Friends use it, but I prefer my own.  Good luck with it.


----------



## smokinhusker (Aug 16, 2012)

I picked some of those up at Albertson's in Colorado Springs, but I haven't tried any yet. Let us know how they are.


----------



## oldschoolbbq (Aug 16, 2012)

Shoney, I have used some Off The Shelf Brands of rubs and sauces , some decent , some good ; however , I have found most of the OTS items have a substantial amount of salt in them (not to mention the preservatives) and have been it their little packages for longer than I would like... I try to use as many freshly ground spices as I can , i.e.-dried Chilies, Cumin,Cinnamon , Alspice...

It's more fun and the taste is sharper. Have fun and as always...


----------



## shoneyboy (Aug 16, 2012)

oldschoolbbq said:


> Shoney, I have used some Off The Shelf Brands of rubs and sauces , some decent , some good ; however , I have found most of the OTS items have a substantial amount of salt in them (not to mention the preservatives) and have been it their little packages for longer than I would like... I try to use as many freshly ground spices as I can , i.e.-dried Chilies, Cumin,Cinnamon , Alspice...
> 
> It's more fun and the taste is sharper. Have fun and as always...

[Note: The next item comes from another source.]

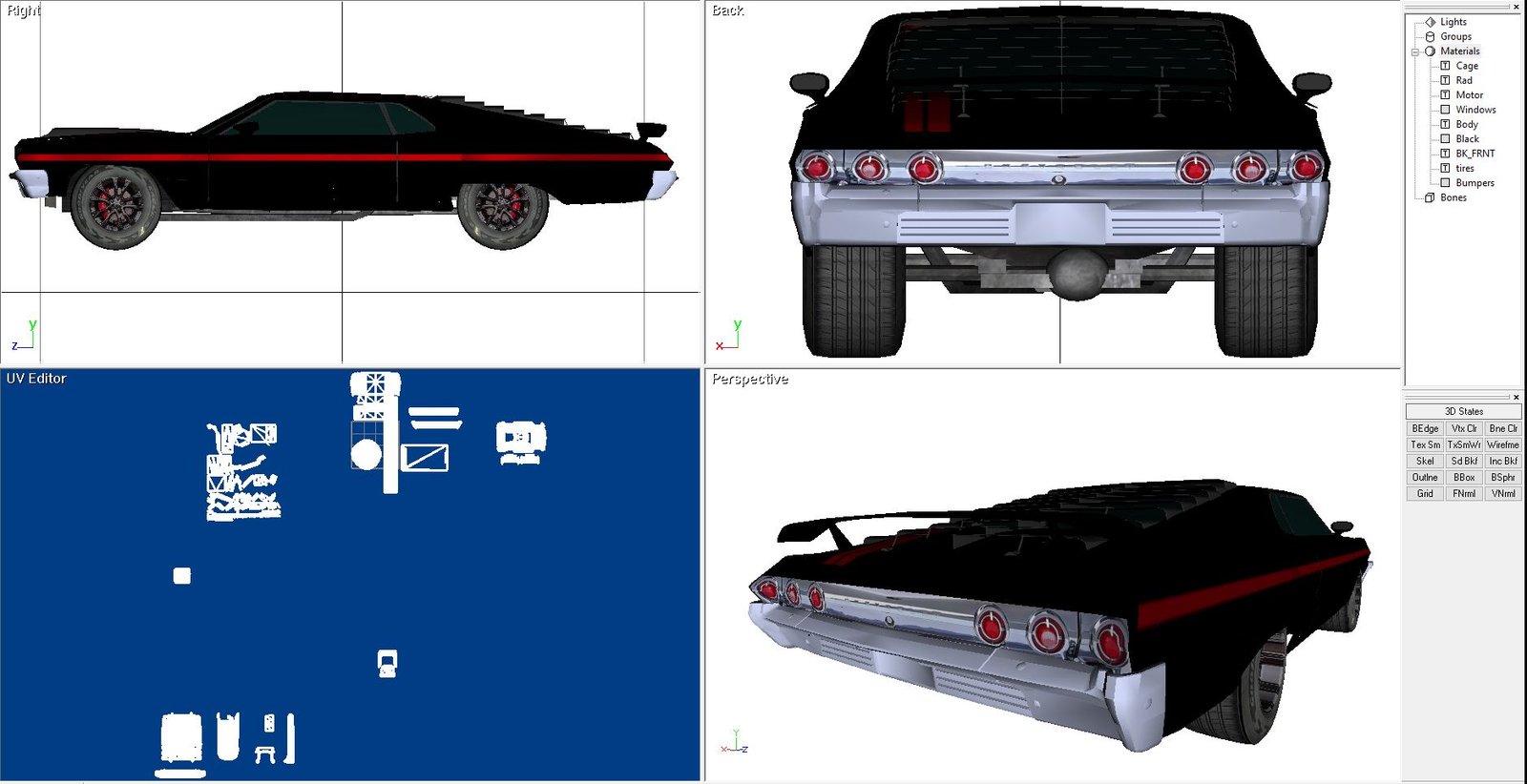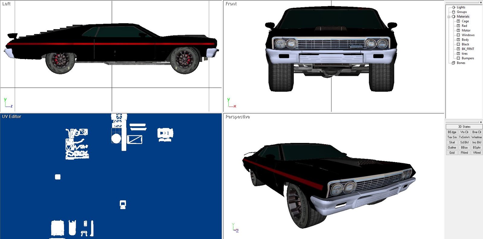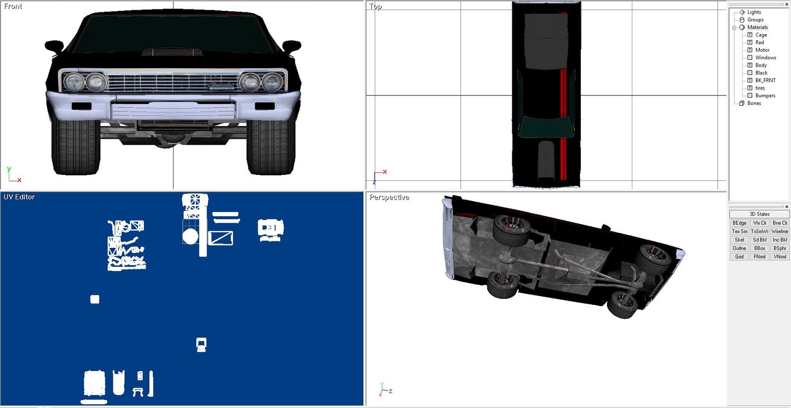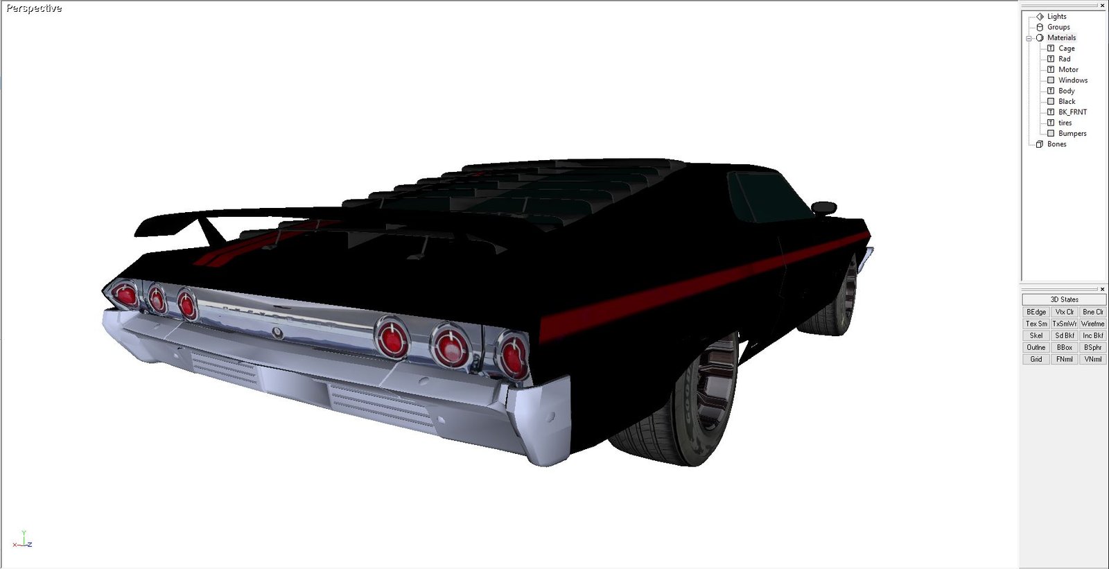 Building a car that never existed. This is a Chevy Impala fastback. Never produced in real life and i always wondered why that was. I suppose they built some close-enough models and called it good enough. So, I made one, albeit a model in Direct X.

*oldschoolbbq, *Yea, I feel that is the way to go too, but I just wanted to try something different for a change. I know that I will probably have the same reviews as others, but I like to try something new every now and then so I can compare the two.... BTW the wife and I went to Sam's tonight, I found these 2 chuck roast to try it on....I have been really busy at work and I have class starting on Monday. So I decided that I’m taking off tomorrow for a R&R day just for me. I’m not telling the wife or the kids….LOL It's just going to be a little me day!!!! Me, my smoker and maybe a few beers!!! Man you have gotta love it !!! Here’s a picture of the chuckie rubbed down and resting for tomorrow…..SSssshhhh!!!! Don’t tell the wife or kids !!!! 














DSCN7195.JPG



__ shoneyboy
__ Aug 16, 2012


----------



## stratuslowrider (Aug 17, 2012)

Looke good, i picked up a packet of their Memphis Style rub when it was on sale at Meijer. (Havent seen it since there) it wasnt too bad on some ribs, a little salty, i now mix it with montreal steak and some brown sugar and it comes out great!


----------



## pgsmoker64 (Sep 17, 2012)

I'm with "oldschoolbbq".  There is typically too much salt in store bought rubs.  As I have high blood pressure (hereditary) I try to avoid salt when possible, so naturally the home made rubs, even with salt, work out better for me.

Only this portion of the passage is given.